Il sistema venoso, con l’aiuto dai vasi linfatici, si occupa di ricondurre, verso il cuore dai tessuti, il sangue. Ogni qualvolta lo scorrimento venoso sia rallentato od ostacolato si realizza un fenomeno molto simile a quello di un ingorgo di traffico:

il sangue delle arterie, pur arrivando alla periferia, non riesce a proseguire la sua strada perché trova davanti a sé i vasi ripieni di sangue in attesa di defluire. La carenza di ossigeno e sostanze nutritive che si determina, causa, di conseguenza, sofferenza delle cellule a causa proprio dello sconvolgimento dei rapporti pressori locali.

Si verifica che:

  • il rallentamento del flusso del sangue comporta l’aumento della pressione fuori dai vasi che può arrivare a pareggiare la residua pressione idrostatica arteriosa.
  • la permanenza di sostanze disciolte ne aumenta la concentrazione incrementando la tendenza a trattenere i liquidi negli spazi tra le cellule.

Si crea così un circolo vizioso che tende ad automantenersi. A seconda dell’importanza e della durata del danno si potranno avere conseguenze più o meno gravi. Per fortuna nella maggior parte dei casi la situazione non è drammatica.

 Quante volte abbiamo sentito le nostre gambe “pesanti” e/o informicolate dopo essere stati a lungo in piedi o al caldo?

 Già questi sintomi sono espressione di quanto sta avvenendo nel nostro microcircolo!

Sei sono le classi clinicamente individuabili di malattia venosa, tutte conseguenze di quanto descritto anche se, ovviamente, molto differenti tra loro e progressivamente più gravi, ma per fortuna meno frequenti.

Inoltre, per fortuna,  non è assolutamente detto che ci possa essere sempre una progressione dall’uno all’altro stadio!

Classificazione di malattia venosa:

Considerando come classe “0” quella di normalità o comunque di assenza di segni clinicamente rilevabili di malattia ma che può prevedere i sintomi che abbiamo descritto sopra, le classi successive sono:

  1. Presenza di teleangiectasie (quelle piccole venuzze più evidenti alla radice delle cosce) o di vene reticolari (come una “rete” di vene del diametro di pochi millimetri visibili nel sottocutaneo)
  2. Presenza di vene varicose
  3. Comparsa di gonfiore dovuto ad edema
  4. Comparsa di alterazioni della colorazione della pelle o di eczema nella zona delle caviglie
  5. Presenza di cicatrici di pregresse ulcere venose
  6. Presenza di ulcere venose in fase attiva.

Questa semplice classificazione non è altro che l’esemplificazione di quella, nettamente più complessa, che usa lo specialista per graduare la complessità del caso che sta affrontando.

 

Malattia Venosa: la diagnosi

Partendo dall’analisi dei danni ai tessuti è pertanto per lo specialista possibile fare una diagnosi clinica.

Inizialmente si ha semplicemente imbibizione con accumulo di liquidi  negli spazi tra le cellule (l’edema), quindi compaiono dilatazione dei capillari ed iniziali segni di sofferenza delle cellule, seguiti da processi infiammatori che scombinano la struttura dei tessuti ed al termine fibrosi, una sorta di tessuto “cicatriziale” che rende il danno irreversibile.

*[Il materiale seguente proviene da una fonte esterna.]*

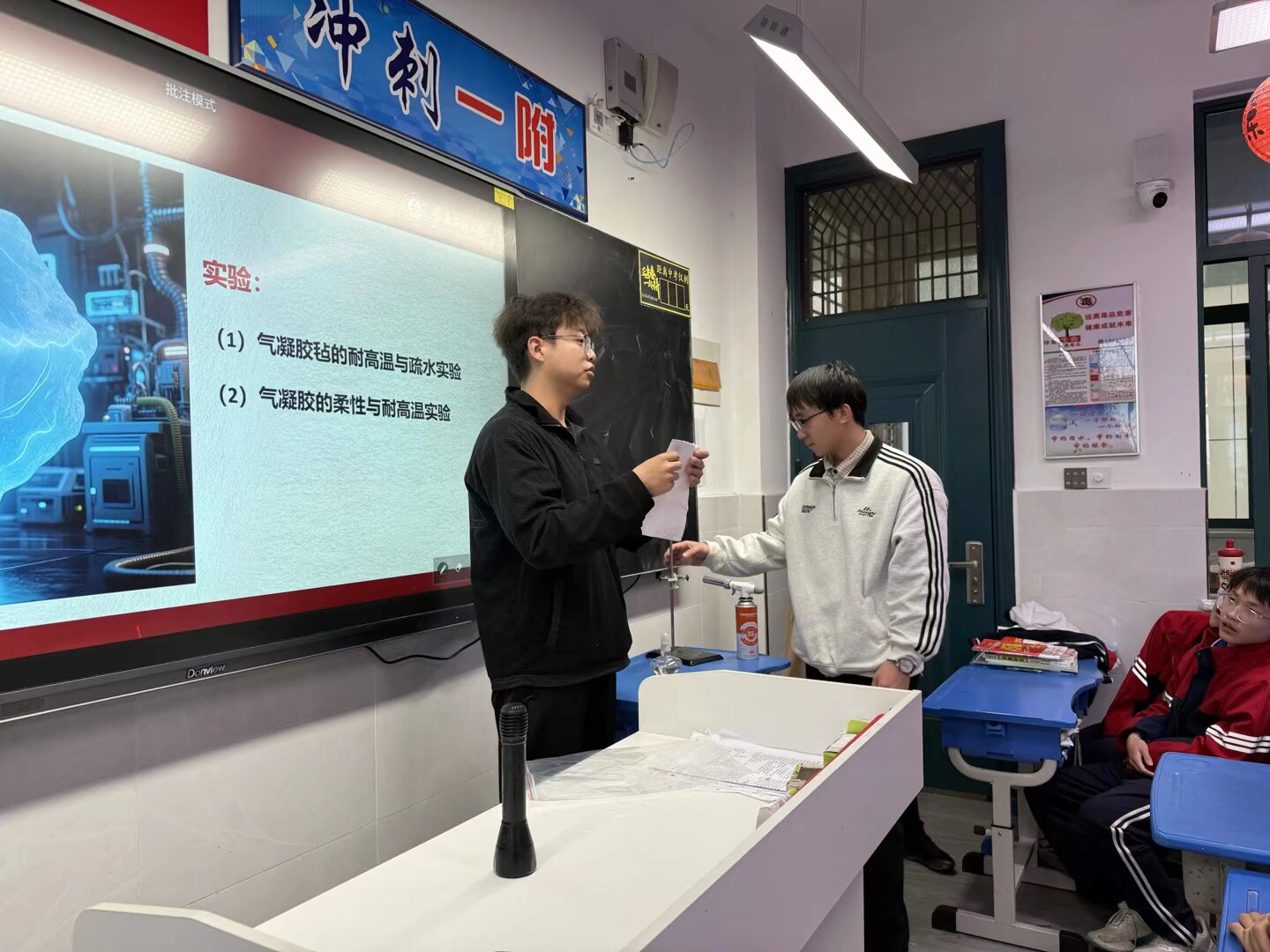 随后,材料与化工专业2024级研究生季严兴带着自己研究方向的最新成果,为同学们展示了纳米气凝胶趣味实验。这种以纳米“编织”技术打造的“固态空气”隔热层,具有极轻、极佳的隔热性能。通过现场实验,同学们直观感受到气凝胶在高温环境下的优异隔热效果,惊叹不已。季严兴还结合自己的科研方向,介绍了纳米气凝胶在航天防护、智能穿戴等领域的极限探索,让大家了解到小小的纤维材料竟能承载如此尖端的科技使命。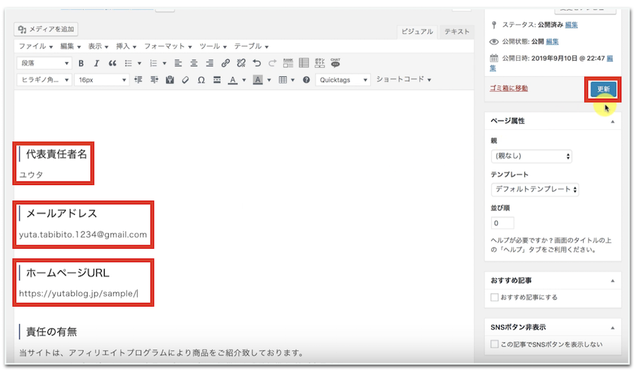 ここまでの変更ができて『更新』をクリックしたら、免責事項の設定は完了です。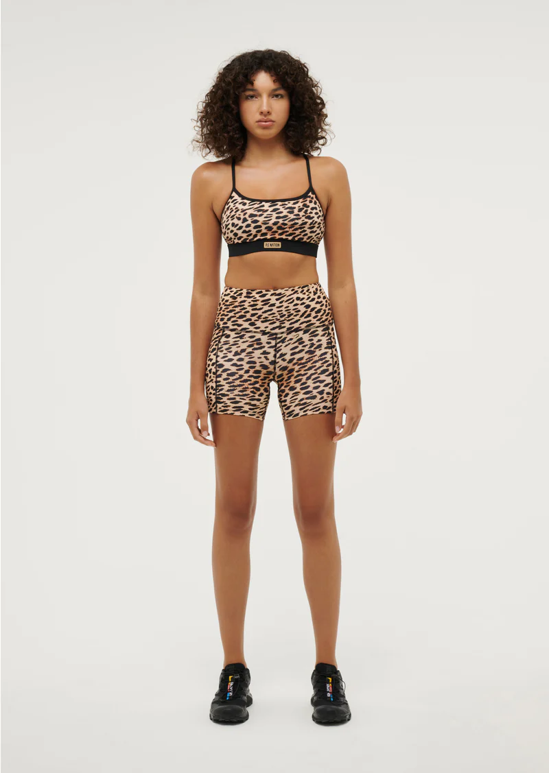 The Power Move Sports Bra in Cheetah Print comes as part of our Departure Lounge Collection – timeless staples in signature fabrications you’ll never want to take off. This scoop neckline sports bra features a racerback with adjustable straps and encased elastic at the underbust for optimal support and comfort during your workouts. Complete with a P.E Nation logo patch, it’s crafted using our versatile EVERYWEAR fabric, perfect for yoga, Pilates, and transitioning seamlessly into leisure and lifestyle activities. Style it with the Recalibrate 5” Bike Short in Cheetah Print, West Fourth Trackpant in Dark Shadow and Head Coach Pant in Dark Navy. Please note, due to the use of different matte finish fabrics on the Power Move Sports Bra and Recalibrate Print 5″ Bike Short, the print finish – though subtle – may vary slightly between the two.

E' evidente come stasi ed alterazioni del sottocute procedano parallelamente: i fenomeni di stasi capillaro-venulare, inizialmente sono reversibili, ma nel tempo condizionano le alterazioni che abbiamo descritto!

Le stesse manifestazioni sono sostanzialmente riferibili anche alle masse muscolari, che ancor più necessitano di continuo, ed adeguato allo sforzo, apporto di ossigeno e glucosio, le cui carenze possono giustificare sia il dolore, sintomo che può accompagnare pesantezza, edema, formicolii, che  la comparsa di crampi soprattutto notturni.

Il rallentamento del flusso provoca processi infiammatori locali: i globuli bianchi aderiscono alle pareti interne dei vasi le cui cellule di rivestimento, l’endotelio, soffrono per la mancanza di ossigeno, si attivano, aderiscono all’endotelio stesso, ne attraversano la membrane per entrare negli spazi tra le cellule e qui rilasciano enzimi irritanti che causano morte cellulare.

E’ quindi evidente come la stasi venosa sia in grado di provocare non solo dilatazione delle vene superficiali ma anche gravi danni dei tessuti circostanti.

Lo sforzo del Medico deve essere rivolto a controbilanciare, se e per quanto possibile, tutto ciò.

Ma senza la piena collaborazione del Paziente, a volte troppo “impaziente” e un poco propenso a qualche sacrificio, non è sempre facile!